Industrial Biotransformations

References
Owing to the need for stabilized biocatalysts, a large amount of effort is directed at
improving established immobilization techniques and to develop new ones. A technique
of great interest is the use of cross-linked enzyme crystals (CLEC) and cross-linked
enzyme aggregates (CLEA). For the preparation of CLEAs, protein preparations of even
technical purity can be used [45].
For substrates and products of poor solubility, aqueous–organic mixtures are being
used as reaction media for the biotransformation. The two-phase systems have recently
attracted new attention, as it has been pointed out that not only the logP [46], but also
structural elements of the solvents have to be considered to guide the choice of the solvent
[47].
For compounds with low water solubility the use of new solvent systems such as ionic
liquids [48] or supercritical fluids [49–51] (e.g., carbon dioxide) in industrial biocatalysis
can be foreseen.
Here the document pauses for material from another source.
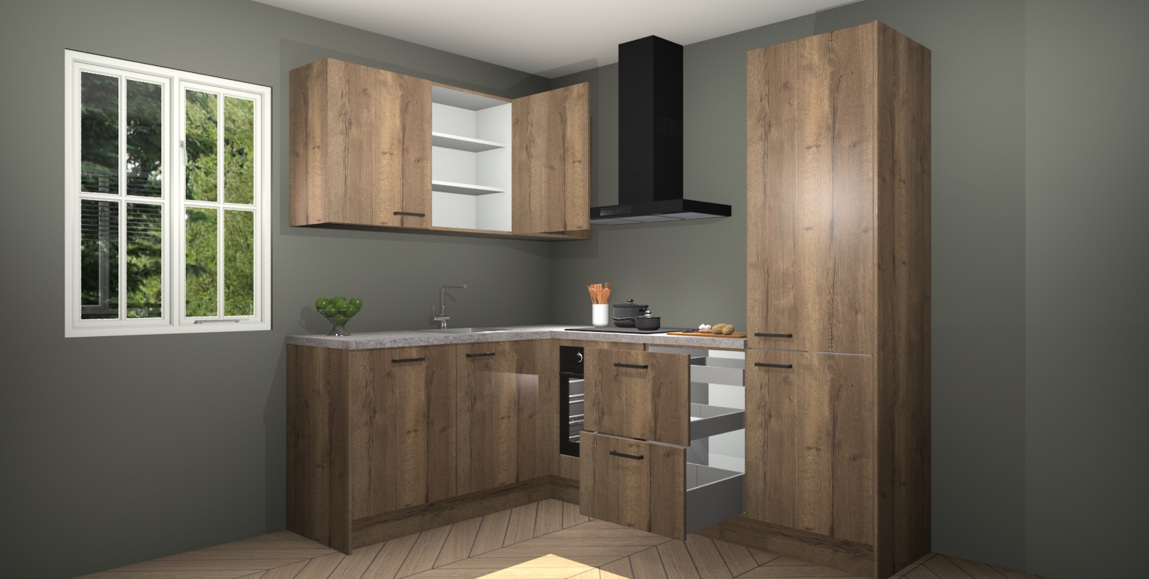 Maak kennis met de Chocolade Eiken keuken Boekarest, een moderne hoekkeuken waar al uw vrienden en familie jaloers op zullen zijn! Het verbluffende mooie ontwerp past in elk interieur en is een ideale keuze voor wie op zoek is naar een klassieke, maar verfijnde look.
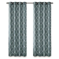 For a casual and stylish update, the Sereno fret window curtain is the perfect addition to any decor. This window panel features a trendy fretwork in a unique and fresh color duo, creating a simple yet modern look. The cotton blend basket weave fabric softly filters the perfect amount of sunlight into your home, while providing texture for natural appeal. Silver grommet top detail makes this panel easy to hang, open and close throughout the day.

Owing to the water-free environment in ionic liquids even enzymatic
condensation reactions can be carried out [52]. Alternative techniques for the separation
of the products from the new reaction medium have to be developed: while distillation is
feasible for volatile products, nanofiltration can be used for nonvolatile compounds [53].
Instead of using organic solvents, a two-phase system of water and ionic liquids can also
be used in biocatalysis both with isolated enzymes [54] or whole cells [55].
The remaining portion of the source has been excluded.